Wednesday, March 07, 2007

Lent in Iraq

The young Soldier made his way down the aisle. Reaching the front of the sanctuary he stopped, clasped his hands, and bowed his head for the imposition of the ashes. “Remember you are dust” I said as I made the mark of the cross on his forehead “and to dust you shall return.” He whispered “Amen”, turned, and made his way back to his seat, his weapon swaying in time with his step as the next penitent stepped forward.

There’s something particularly poignant about Ash Wednesday in a combat zone. “Remember your mortality, remember that you are dust and to dust you shall return” we say. They remember. Every day as they leave for convoys and combat patrols. Each night as they fly. Every day as the mortars rain down and the rockets scream overhead, they remember. Ashes are a powerful symbol to men and women who have seen the remains of friends charred beyond recognition in IED attacks, or burned in aircraft that have been lost. These ashes are not some esoteric reminder of mortality; they are the present reality of too many friends and comrades.

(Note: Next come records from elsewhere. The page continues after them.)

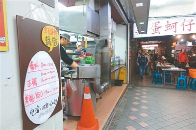 延三夜市所在路段长约1公里,虽然面积不大,老店却不少,叶家五香鸡卷、旗鱼米粉、大肠煎、红烧鳗、海鲜粥等,都是老饕最爱,常见排队人潮。过年后,延三夜市却面临“用工荒”,处处张贴招人公告,豆花、牛排、海鲜粥、蚵仔煎等业者都在征人,部分店铺甚至招人近1个月,却依旧乏人应征。
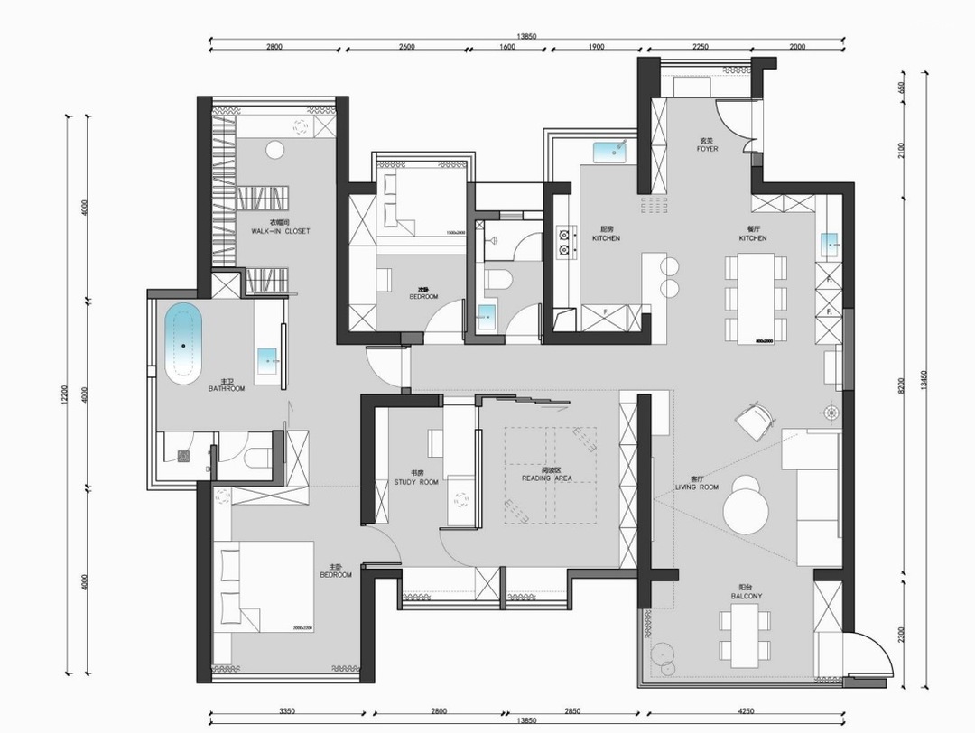 ①空间功能重新规划,业主为一家三口,原户型为紧凑5居,设计师打破空间限制,根据需求重新规划功能,将紧凑型居住,转换为奢适享受的空间体验;
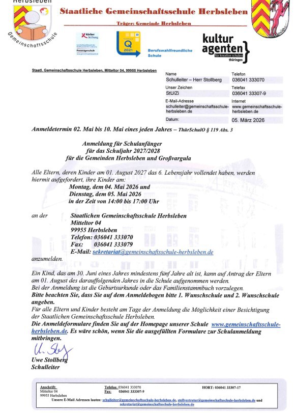 Im folgenden Dokument finden Sie alle Informationen zur Schulanmeldung.

“What you sow does not come to life unless it dies” Paul reminds us. So, during these forty days of Lent we seek to kill those things that do not belong in our lives. It’s harder here, trying to figure out what to give up for Lent. General Order #1 denies us alcohol, always a favorite abstention when this season rolls around. As a matter of fact there is not much to give up when you are already living a life of deprivation compared to life back home. But it is blessing as well as curse. It forces us to focus on the real things we need to give up. What is it that separates us from a closer walk with God? What grows in my life that needs to be plucked up, rooted out, and purged? No easy denial of some worldly pleasure here; those were taken away a long time ago. Instead, what is this season really calling me to give up?

Luckily, we live with the promise. That promise is that this is a season, and only a season. This season will pass and we will arrive at the glory of Easter and the Resurrection. We remember that we are dust, and to dust we shall return. But we also remember that the promise is that this perishable body will put on imperishability and this mortal body will put on immortality; that this body that is clothed in dishonor will be raised in glory.

That is our hope this Lent, as we serve thousands of miles from home.


At 3:00 PM, Blogger Tim Moon said...

Hey, Jimbo! I've been following your adventures since I wrote you last month or so. God bless. I tell the folks in my church that Lent is not necessarily a time when you have to give up if you can take up what you need to. Sometimes taking up requires giving up, but when you have given up a lot (as you and yours have) taking up is all you can do.

I can imagine that Lent in Iraq must be difficult, but Easter is always at the end of the Lent. I pray that all of you over there may know that with certainty. And remeber -- we who are still stateside have "lent" to Iraq all of you whom we love and care for. Easter will keep us united in spirit.